Gasset, José Ortega y
José Ortega y Gasset (* 9. Mai 1883 in Madrid; † 18. Oktober 1955 in Madrid) war ein spanischer Philosoph, Soziologe und Essayist.
Ortega wurde in Madrid als Spross einer Journalistenfamilie geboren. Er besuchte die Jesuitenschule San Estanislao de Miraflores in Málaga und studierte von 1897 bis 1898 an der Universität von Deusto in Bilbao und anschließend an der Universität Madrid Philosophie, wo er 1904 promovierte. Von 1905 bis 1911 hielt er sich zu Studienzwecken in Deutschland auf, u. a. in Leipzig, Berlin und vorrangig in Marburg. In Marburg wurde er u. a. vom Neukantianismus Hermann Cohens und Paul Natorps beeinflusst. 1909 kehrte Ortega nach Spanien zurück.
Ortega war Gründer und Herausgeber der Zeitschriften España (1915–1924) und Revista de Occidente (1923). Während dieser Zeit wirkte er bei der Schaffung der spanischen Verfassung mit.
Unter dem Eindruck der Weimarer Republik verfasste er 1929 sein zentrales Werk „Der Aufstand der Massen“. Von 1910 bis 1936 hatte er Professuren für Metaphysik, Logik und Ethik an der Universität Complutense Madrid inne, 1936 ging er mit dem Fall der Republik ins Exil und lebte in Frankreich, Argentinien und ab 1943 in Portugal.

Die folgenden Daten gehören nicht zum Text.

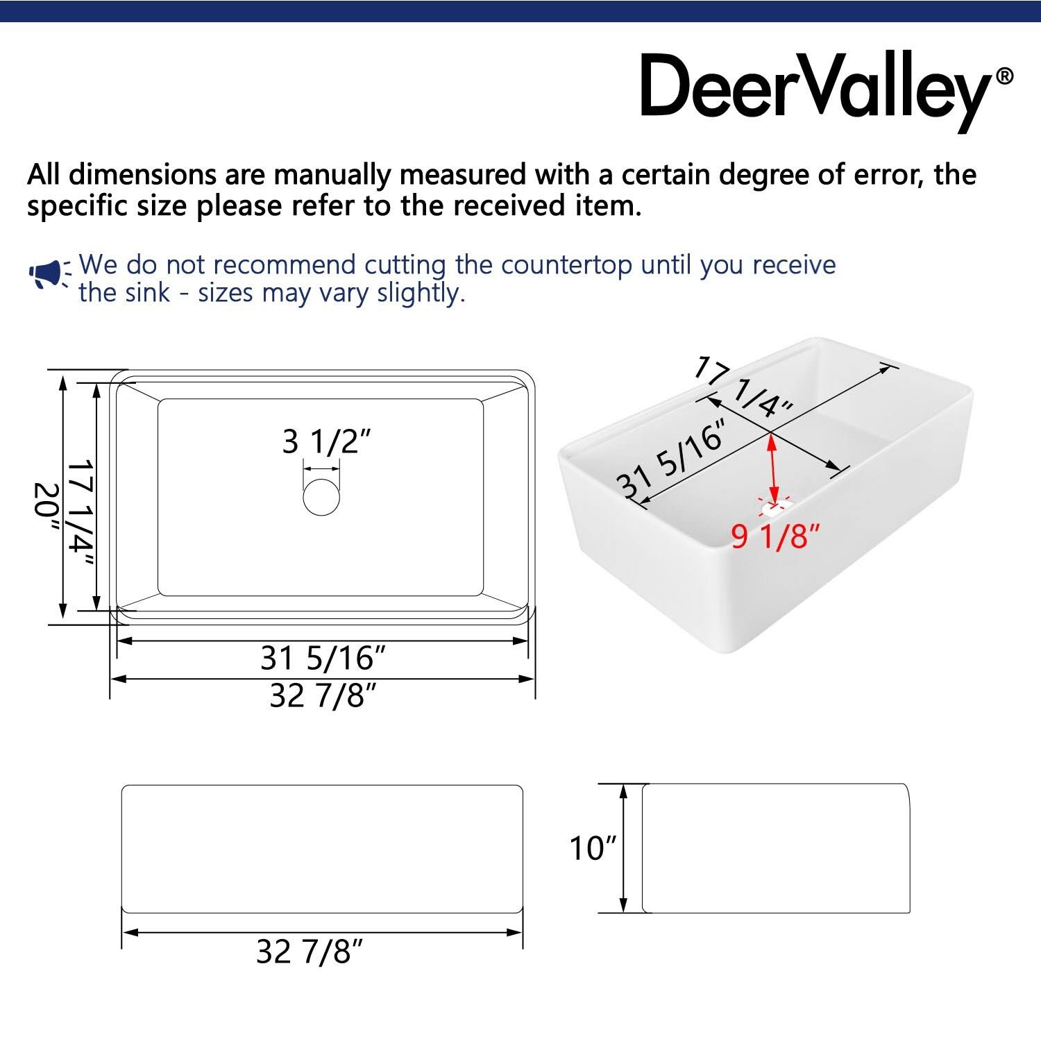 DeerValley White Fireclay 33 in. Single Bowl Farmhouse Apron Workstation Kitchen Sink with Accessories
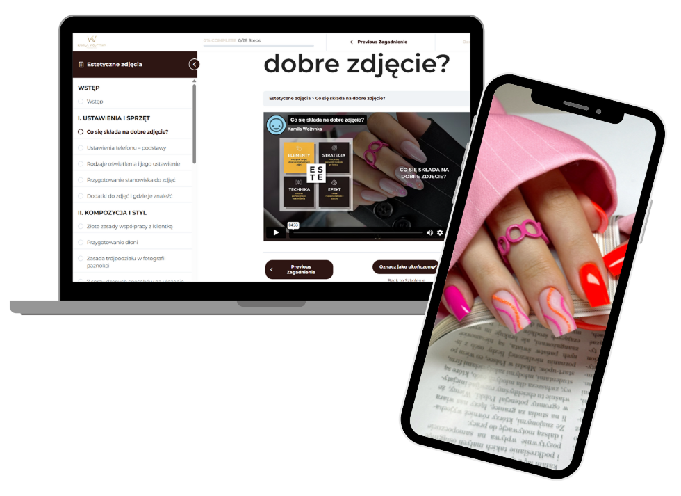 Kurs jest świetnie poukładany i logiczny, dzięki temu od razu zrozumiałam, co robiłam źle i jak to poprawić. Już po pierwszych lekcjach moje zdjęcia paznokci wyglądały o niebo lepiej!
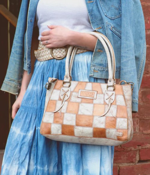 - Shoulder bag with padded straps or wear as a crossbody, unique no-waste patchwork front panel made from scrap leather
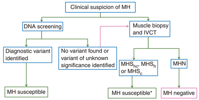 Treatment in the case of a suspected episode of MH, all triggering agents should immediately be withheld and surgery rapidly aborted; if surgery must be continued, intravenous anesthetics and non-depolarizing muscle relaxants can be used. Hyperventilation, cooling of the patient, and administration of dantrolene, an RYR1 antagonist, should occur concurrently.2,3 Dantrolene should be given at a dose of 2–2.5 mg/kg every five minutes until the patient stabilizes. If more than 10–20 mg/kg of dantrolene is given in total with no improvement, a diagnosis of MH should be reconsidered. 2,3 Hyperkalemia and arrhythmia can be treated with standard medications. However, it is crucial to avoid calcium channel blockers, as these will result in cardiac arrest in combination with dantrolene.2,3 It is recommended that blood gas analysis, blood glucose, electrolyte, lactate, creatine kinase, urine and blood myoglobin, and coagulation studies be evaluated at the onset of MH and repeated at 30 min, 4 h, 12 h, 24 h, and 48 h. If dantrolene is not readily accessible, successful management of MH may be possible via alternative means. Measures such as dopamine, dobutamine, hydrocortisone, heparin, and furosemide administration, in addition to other supporting therapies such as magnesium sulfate. Fluid challenge should be administered IV to lower the body temperature and to improve kidney functions and prevent myoglobin-induced renal failure. Additional cooling measures can include placement of ice packs around the large superficial blood vessels of the body and administration of cold water lavages and enemas.7–9 Recrudescence of MH may also be possible, in which signs of the disorder return after proper treatment of an initial MH episode.10–12 Approximately 20–25% of patients will experience a recrudescent event, therefore, patient should be admitted to ICU immediately (Table 2).2,3
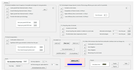 After selecting all the options, the facilitators proceed to the simulation of the scenario (it is also possible to choose the final year of the simulation), after which a file with the chosen name will be generated and it is possible to proceed to the results’ screens. At this point, it is also possible to load previously saved simulations.
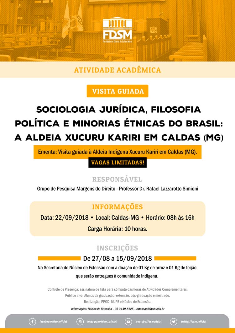 Inscrições abertas a partir de 27/08/2018, na secretaria do Núcleo de Extensão, para a Visita Guiada com o tema "Sociologia Jurídica, Filosofia Política e Minorias Étnicas do Brasil: a Aldeia Xucuru Kariri em Caldas (MG)" sob a coordenação do Grupo de Pesquisa Margens do Direito que tem como Pesquisador-Líder o Professor Dr. Rafael Lazzarotto Simioni.

Als Kulturphilosoph baute er auf Georg Wilhelm Friedrich Hegel, Friedrich Nietzsche, Wilhelm Dilthey und der Lebensphilosophie auf.
Ortega verband mit umfassendem philosophischem Wissen Sinnesfreude, Weltaufgeschlossenheit und Eleganz des Denkens und der Lebensführung. Seine Philosophie entzündete sich stets am Gegenständlichen, das er unmittelbar, nicht durch die Brille der philosophischen Lehrmeinung, auf sich wirken ließ. Dieses und der Bezug zur deutschen Philosophie wird als wesentlicher Grund für die außergewöhnliche Breitenwirkung angesehen, die Ortega, insbesondere in Deutschland, mit seinen um ganz verschiedene Probleme kreisenden Schriften nach dem Zweiten Weltkrieg erzielt hat. Weniger bekannt ist die starke Wirkung, die Ortega unmittelbar oder indirekt durch emigrierte spanische Philosophen auf die geistige Auseinandersetzung in Lateinamerika, besonders in Mexiko ausgeübt hat. Seinem Einfluss war ein wachsendes Interesse an der deutschen Philosophie in jenen Ländern zuzuschreiben.
Ortegas starke Individualität, seine Eigenwüchsigkeit in Wesen und Denken hinderten ihn daran, sich einer philosophischen Schule einzuordnen. Gleichzeitig schlossen sie die Bildung eines eigenen Schülerkreises um ihn herum von vornherein aus. Die Vielseitigkeit seiner Interessen drückt sich in der Vielzahl seiner Veröffentlichungen aus.
Als wichtigstes soziologisches Buch Ortega y Gassets gilt Der Aufstand der Massen. Es wird der Elitesoziologie zugerechnet. Er selbst strebte eine umfassende Soziologie an, an der er bis zu seinem Tode arbeitete. Seine soziologische Lehrmeinung wurde 1957 als El hombre y la gente (Der Mensch und die Leute) aus dem Nachlass herausgegeben. Darin wird die Idee entfaltet, dass die Bräuche Wesensgrundlage des Gesellschaftlichen seien. Sein Verständnis von Brauch entspricht dabei eher dem von Gewohnheit.
Bestimmte Bräuche (Gewohnheiten) − wohl die extremsten unter ihnen − sind laut Ortega y Gasset Handlungen, die unter gesellschaftlichem Druck ausgeführt werden (also mechanisch wirkende Nötigungen); Handlungen, deren eigentlicher Inhalt den Ausführenden unverständlich ist (also irrational); Handlungen, die außerhalb der eigenen Person aber auch außerhalb aller Anderen liegen (also extraindividuelle Realitäten). Bräuche seien gespeicherte gesellschaftliche Vergangenheit.
Zitate:
"Manche Menschen richten ihr Leben so ein, dass sie von Vorspeisen und Beilagen leben. Das Hauptgericht lernen sie nie kennen."